Но с XVI века в нашей культуре к этому добавляется быстро растущая неспособность большинства разбираться во все более запутанных и непрозрачных событиях и ситуациях большой политики и экономики, постигать действующие в них силы и тенденции, не говоря уже о том, чтобы овладеть ими. Подлинные государственные мужи встречаются все реже. Большинство из того, что было сделано в течение этих веков, а не произошло само по себе, было сделано полузнайками и дилетантами, которым везло. Тем не менее, они могли опереться на народы, чей инстинкт предоставлял им свободу действий. Сегодня этот инстинкт настолько ослаб, а многословная критика самодовольных невежд стала такой сильной, что возрастает опасность того, что подлинный государственный муж, разбирающийся в вещах, не то что будет инстинктивно поддержан или хотя бы с ворчанием принят, но встретит сопротивление всех умников, которые будут мешать делать то, что необходимо. Первое мог испытывать Фридрих Великий [14], последнее чуть не стало судьбой Бисмарка. Величие и достижения таких вождей могут оценить только последующие поколения, да и то не всегда. Главное, чтобы в настоящем все ограничилось неблагодарностью и непониманием и не перешло к противодействию. Немцы большие мастера не доверять творческим начинаниям, придираться к ним из-за мелочей, срывать их. У них отсутствуют исторический опыт и сильные традиции, подобные тем, что присутствуют в жизни англичан. Народ поэтов и мыслителей превращается в народ болтунов и подстрекателей! Любой настоящий государственный руководитель непопулярен вследствие страха, трусости и незнания современников, но даже для понимания этого нужно быть чем-то большим, чем просто «идеалистом».

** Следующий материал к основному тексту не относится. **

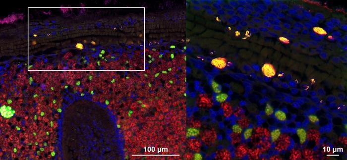 Microscopy image (fluorescence in situ hybridization (FISH) confocal microscopy) of tissues from a deep-sea mussel showing the intranuclear parasite Ca. Endonucleobacter in yellow, and the beneficial symbiotic bacteria in green and red. Cell nuclei are stained blue. The right panel is a zoom-in of the white square in the left panel.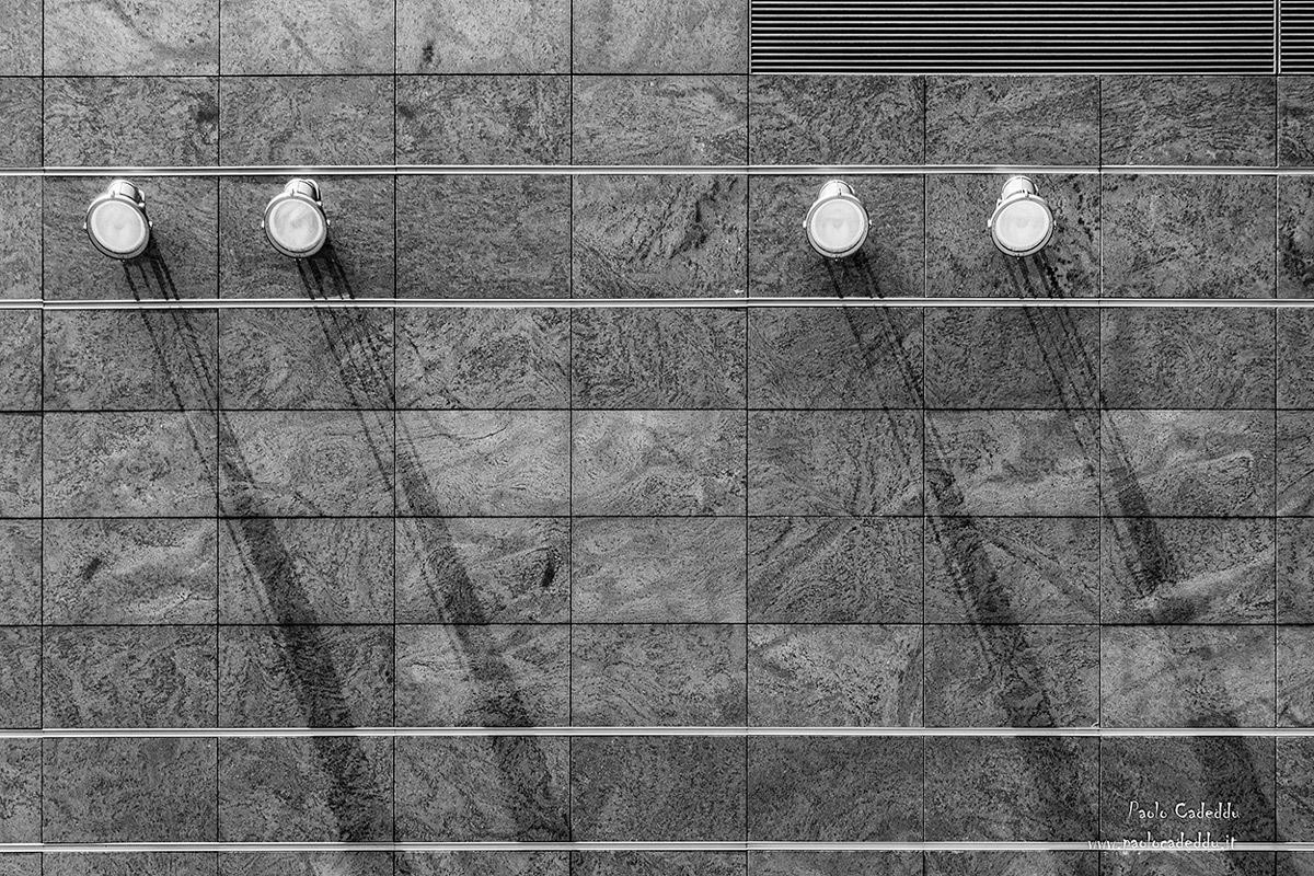 Un sottile gioco di ombre, che richiama , senza chiassi, le rette della griglia superiore di areazione.

Сегодня мы живем в эпоху рационализма, которая началась в XVIII веке, в XX веке быстро подходит к своему завершению. Все мы являемся ее созданиями независимо от того, знаем и хотим ли этого или нет. Это выражение знакомо всем, но кто знает, что с ним связано? Это надменность городского, лишенного корней, более не движимого сильными инстинктами духа, который свысока смотрит на полнокровное мышление прошлого и на мудрость древних крестьянских родов. Это время, когда всякий может читать и писать, и потому хочет сказать свое слово, считая, что он все понимает лучше других. Этот дух одержим понятиями, этими новыми богами своего времени, и пытается критиковать мир: тот никуда не годится, мы можем сделать его лучше, так давайте сочиним программу лучшего мира! Нет ничего проще, когда у человека есть разум. Тогда она осуществится сама собой. Между тем, мы называем это «прогрессом человечества». Если что-то имеет название, значит, оно имеет место. Кто в этом сомневается, тот является ограниченным, реакционером и еретиком, по крайней мере, человеком без демократических добродетелей: убрать его с дороги! Так страх перед действительностью преодолевается духовным высокомерием, чванством — из-за сомнений во всех жизненных делах, духовной нищеты и недостатка почтения; наконец, из-за оторванной от жизни глупости, ибо нет ничего глупее лишенного корней городского рассудка. В английских конторах и клубах она называется common sense (здравый смысл), во французских салонах — esprit (дух, ум), в каморках немецких ученых — чистый разум. Плоский оптимизм филистеров от образования начинает уже не столько бояться элементарных фактов истории, а презирать их. Каждый всезнайка хочет встроить их и в свою чуждую опыту систему, сделать их понятийно более совершенными, чем они есть на самом деле, сделать их подвластными своему разуму, потому что он больше не пережинает их, а лишь познает.
Эта доктринерская склонность к теориям из-за недостатка опыта, лучше сказать, из-за недостаточного дарования набираться опыта, литературно выражается в бесконечных набросках политических, социальных и экономических систем и утопий, практически — в страсти организовывать что-либо. Последняя становится абстрактной самоцелью и приводит к бюрократии, которая, работая вхолостую, разлагается сама или уничтожает весь жизненный порядок. В сущности, рационализм есть не что иное, как критика, а критик есть противоположность творцу, он разлагает и составляет: ему чуждо зачатие и рождение. Оттого-то его продукт оказывается искусственным, безжизненным и мертвящим при столкновении с реальной жизнью. Все эти методичные и абсурдные системы и организации возникли на бумаге и существуют лишь на бумаге. Это началось во времена Руссо [15] и Канта с философских, теряющихся во всеобщности, идеологий; затем, в XIX веке, приводит к научному конструированию с помощью естественнонаучных, физических, дарвинистских методов — к социологии, политэкономии и материалистической историографии, — а в XX веке вырождается в сочинительство тенденциозных романов и партийных программ.